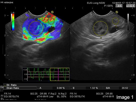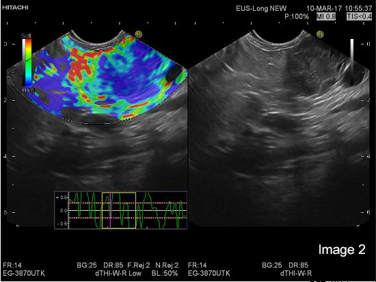 On strain based elastography, the tumour tissue was repeatedly imaged as harder than the surrounding pancreatic parenchyma (Image 1 and 2).
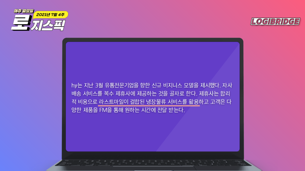 hy 측은 자사가 보유한 라스트마일 냉장물류 인프라를 활용해 물류 대행 서비스를 제공하겠다는 전략을 수립했는데요.
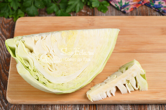 Срезаем у четвертинки капусты кочерыжку.

### What you have to do
Each line above should be returned exactly as it stands, minus any pictures.

### Completed task
 On strain based elastography, the tumour tissue was repeatedly imaged as harder than the surrounding pancreatic parenchyma (Image 1 and 2).
 hy 측은 자사가 보유한 라스트마일 냉장물류 인프라를 활용해 물류 대행 서비스를 제공하겠다는 전략을 수립했는데요.
 Срезаем у четвертинки капусты кочерыжку.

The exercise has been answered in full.